Patrick Moorhead: The Six Five is on the road at AWS Reinvent 2023 in Las Vegas. We’ve had some great conversations with just so many players out there. And Dan, I mean, just when you thought, we’ve had every conversation. We’ve had a few conversations on data, but not as many as we should, especially when it is the driver and the feeder into this generative AI conversation.

Daniel Newman: Yeah, look, the trend line has been visible this week. Clearly, the headlines are generative AI, AI, all things data that enable AI, infrastructure that makes AI possible, some networking to make sure data can move for AI purposes. The edge, of course, feeding AI, and we go so on and so forth. But yeah, it’s great to be here in The Six Five Media Lounge here at AWS re:Invent 2023. Look, I think the future is about getting the data to the compute to be able to give outcomes. And so talking to the people that are making that happen is the best thing for everyone out there that’s trying to figure out what’s going on.

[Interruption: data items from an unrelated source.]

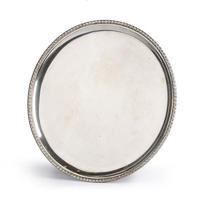 Vassoio circolare in argento 800, decoro San Marco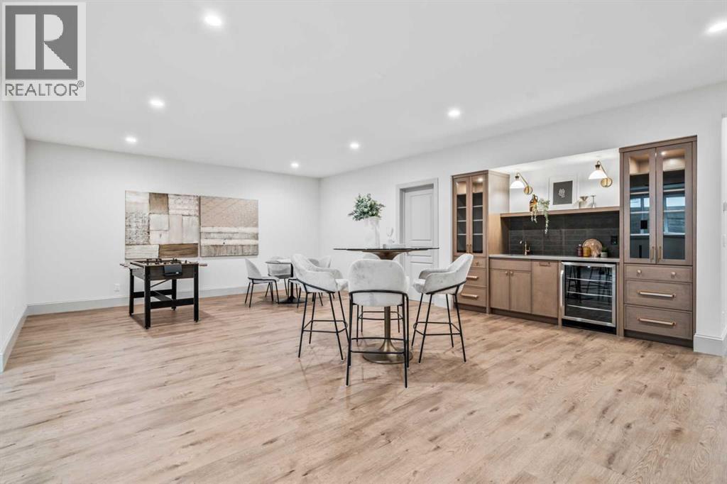 This LUXURIOUS INNER-CITY DREAM HOME by CNJ DEVELOPMENTS is slated for completion in December 2025. Ideally situated on a QUIET CUL-DE-SAC BACKING ONTO A GREEN SPACE mere STEPS TO THE ELBOW RIVER. Incredible curb appeal with stone and acrylic stucco siding, TRIPLE PANE WINDOWS and an OVERSIZED INSULATED, DRYWALLED AND HEATED GARAGE. The spaciously designed interior features 4+1 BEDROOMS and endless HIGH-END UPGRADES including CUSTOM SITE-BUILT FINISHINGS, CUSTOM SOLID CORE DOORS, BUILT-IN SPEAKERS, PREMIUM CARTWRIGHT LIGHT FIXTURES, ENERGY EFFICIENT HVAC SYSTEM, SMART THERMOSTATS, A BOILER WITH MULTI-ZONE RADIANT HEAT, TWO A/C UNITS, WIRING for future full automation, vacuflor roughed in and much more! Soaring 10’ CEILINGS and ENGINEERED HARDWOOD FLOORS grace the beautiful open concept main floor. Put your feet up in front of the GORGEOUS GAS FIREPLACE with a sculptural design cast stone mantal in the inviting living room. An entire wall of glass leads to the REAR DECK WITH AN OUTDOOR FIREPLACE, BUILT-IN BBQ AND BUILT-IN SPEAKERS - an outdoor entertainer’s dream for summer nights under the stars, casual barbeques and lazy weekends unwinding. Back inside, the GOURMET KITCHEN inspires culinary adventures featuring HIGH-END APPLIANCES, A GAS STOVE and a handy walk-through pantry for easy grocery unloading. The dining room with a BUILT-IN WET BAR makes hosting a breeze. An ENCLOSED DEN is perfect for a quiet work, study or play area. Those beautiful hardwood floors continue onto the upper level with grand 9’ ceilings adding to the airiness. Retreat at the end of the day to the opulent primary bedroom with a CUSTOM WALK-IN CLOSET and a LAVISH ENSUITE. 3 additional bedrooms are on this level all with walk-in closets – 1 with its own private ensuite while the other 2 share the 5-piece bathroom. The large upper-level laundry room features built-in cabinetry for added storage making laundry day more efficient. INFLOOR HEAT WITH LVP FLOORING FOR LOW MAINTENANCE keeps toes war m and cozy in the FINISHED BASEMENT. This level is incredible for gathering, entertaining and relaxing with a large family room and a WET BAR plus a separate games room and theatre. Easily get your workouts in at the GLASS ENCLOSED GYM. A 5th guest bedroom is located beside the 5-piece bathroom with a built-in SAUNA for ultimate luxury. The fully fenced yard has loads of play space for kids and pets that continues onto the green space. Thanks to the bend in the river, this historic community is bordered on three sides by the Elbow River with easy access to downtown and all the diverse shops and trendy restaurants on 4th Street and 17th Ave. Truly an outstanding location for this exceptional dream home! Please note that area size calculated by applying the RMS to the blueprints provided by the builder. (id:55577)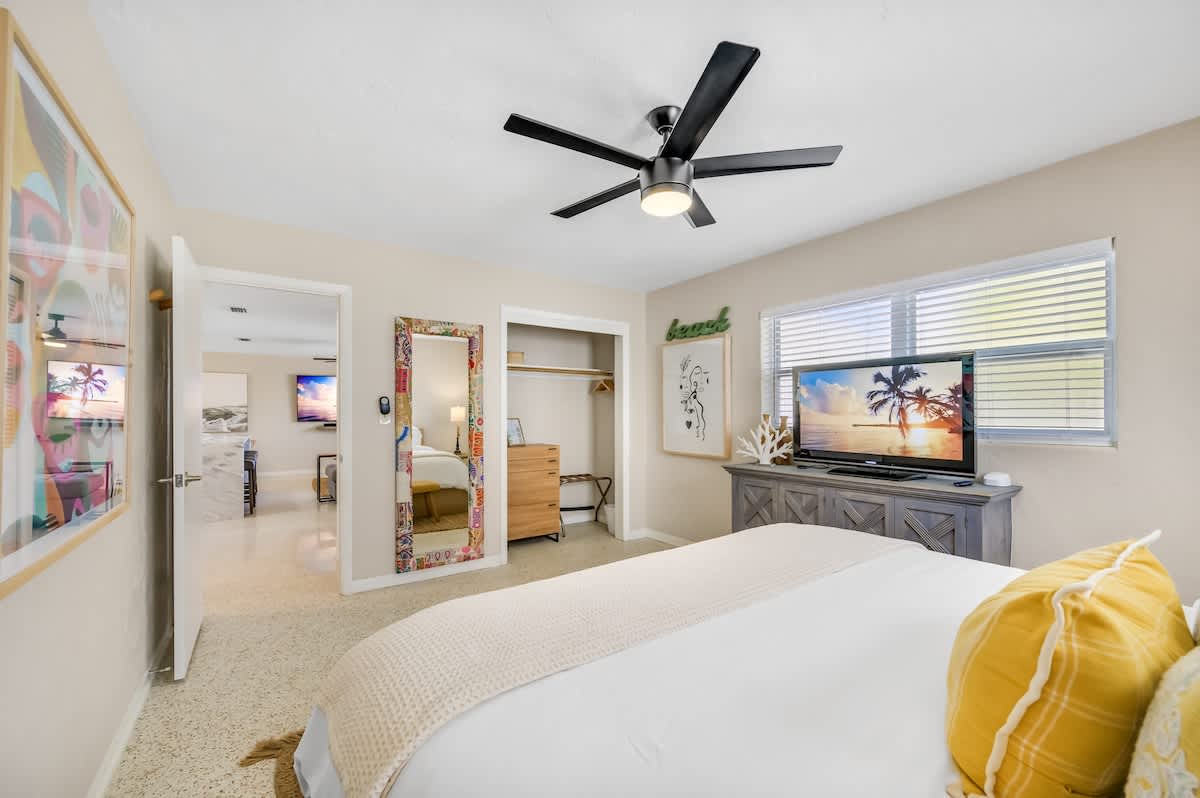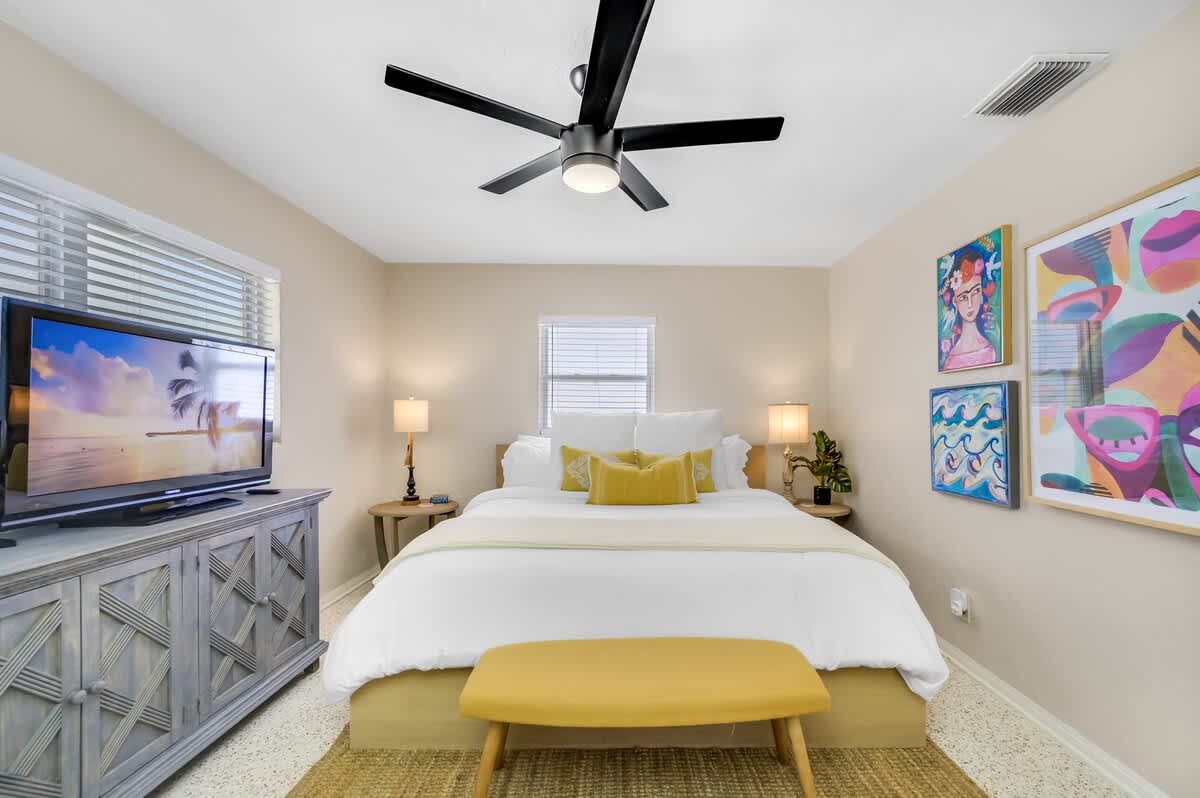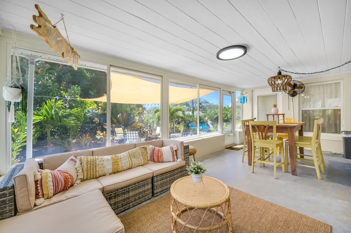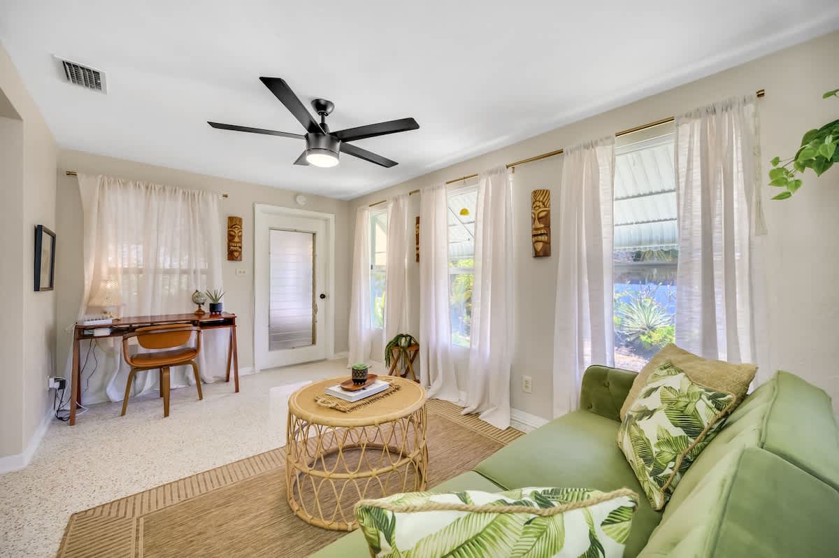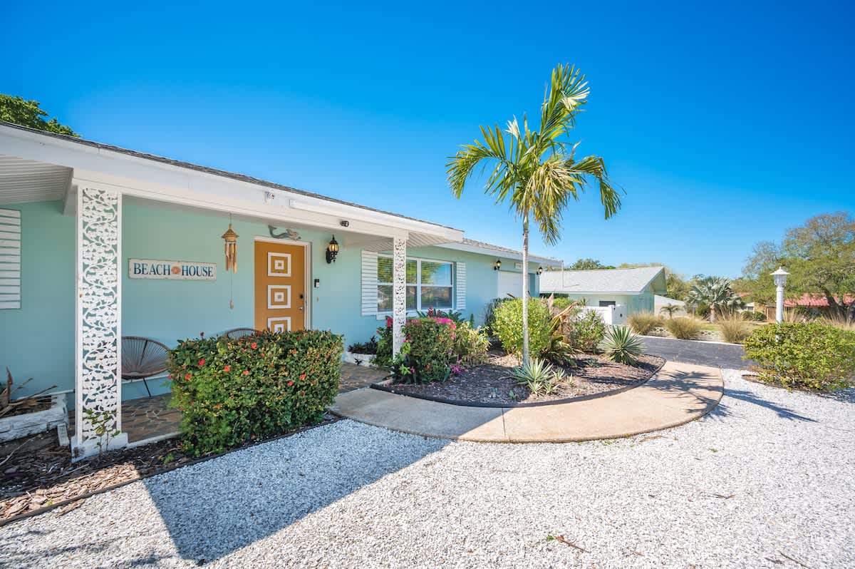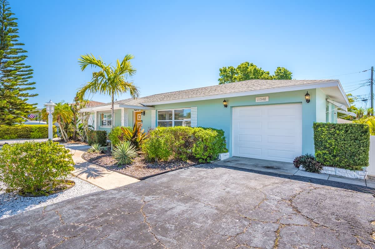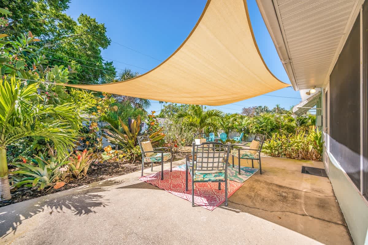 🏄🏻♀️ FIVE minutes from Madeira Beach 🏄🏼 two bedrooms + futon bed in the workspace 🏄🏾♂️ one bathroom 🏄🏽♀️ beautiful garden with native plants 🦋 🏄🏾 all beach supplies included 🏄🏼♂️ screened-in patio + outdoor fire pit 🏄🏾♀️ pet friendly 🏄🏿 sleeps six Kitchen: The space is well-equipped with essential supplies and features beautiful granite countertops and stools for meals and conversations. A convenient pass-through window leads to the Patio Bar for outdoor snacks and drinks. A Keurig with K-Cups, sugar, and stirrers is available for enjoying coffee on the back patio. 🥥 Living Room: This cozy space features a chic gray sectional sofa, faux greenery, beachy wall decor, and a standout oversized Roku TV with Fubo channel access for sports fans. 🌺 Primary Bedroom: The room includes a king bed with luxury white bedding, a full-length mirror, USB clock, and electrical outlets. Amenities also consist of a luggage rack, hangers, and a Roku TV remote for easy control of local and sports channels like ESPN through a Fubo subscription. 🌴 Secondary Bedroom: The room features a queen bed with white linens, a full-length mirror, a clock with USB outlets, and two reading lights. Additionally, it includes a luggage rack, hangers, and a dresser for storage needs. 🍊 Florida Room: This spot is ideal for relaxing while working or sending a brief email. The stylish green velvet futon transforms into a Full-Sized Bed, with all bedding conveniently stored in the hallway closet. An additional three-inch thick foam pad, encased in plastic with a zipper, offers extra comfort – please keep it in the casing. For your reading enjoyment, you will also find a book that matches the theme, The Surf Shack. 🐚 Screened Patio, aka THE TIKI BAR: It's a perfect spot to relax, with soothing bird songs and a spacious TV controlled by Roku, offering local and news channels as well as ESPN. There's a convenient pass-through window for drinks from the kitchen, but please do not move the securely plugged charging outlet. 🏄🏻♀️ Backyard: Experience a captivating rainforest setting with native plants and a cozy fire pit area. If booking, please review the "Fire Pit Guidelines" in the Welcome binder. Enjoy stunning sunset views from the backyard or take a short drive to the beach for more scenic beauty. ✨

Patrick Moorhead: It is, and it’s my pleasure to introduce Ken with Elastic, an absolute leader in data. Ken, welcome to The Six Five.

Ken Exner: Thank you very much. Glad to be here.

Daniel Newman: We appreciate you joining the show. You kind of heard my editorial to start the show. What I’m seeing.

Ken Exner: Yeah.

Patrick Moorhead: His feet wants to-

Daniel Newman: Are you seeing, I wanted to be the guest. Are you seeing AI as kind of a-

Ken Exner: Yeah. It’s funny, we’re at a cloud computing conference, but it kind of reminds me of what was happening in cloud computing about 15 years ago where pretty much every executive you talk to is trying to figure out their cloud computing strategy.

Patrick Moorhead: A hundred percent.

Ken Exner: Same thing is happening right now, with generative AI. So every executive I talk to, they’re trying to figure out what their generative AI strategy is going to be. They’re trying to prototype, trying to figure out how to experiment and figure out what are they going to do, how are they going to take advantage of this boon to productivity that is generative AI? So I’m seeing sort of a mirror of what was happening 15 years ago in cloud computing now happening for generative AI.

Patrick Moorhead: Isn’t it? I think it’s ironic too, that we keep talking about data. I mean, when I’m in college, I am learning garbage in, garbage out, on a deck VAX, and it’s just like-

Ken Exner: Aging yourself.

Patrick Moorhead: It’s just like the themes continue.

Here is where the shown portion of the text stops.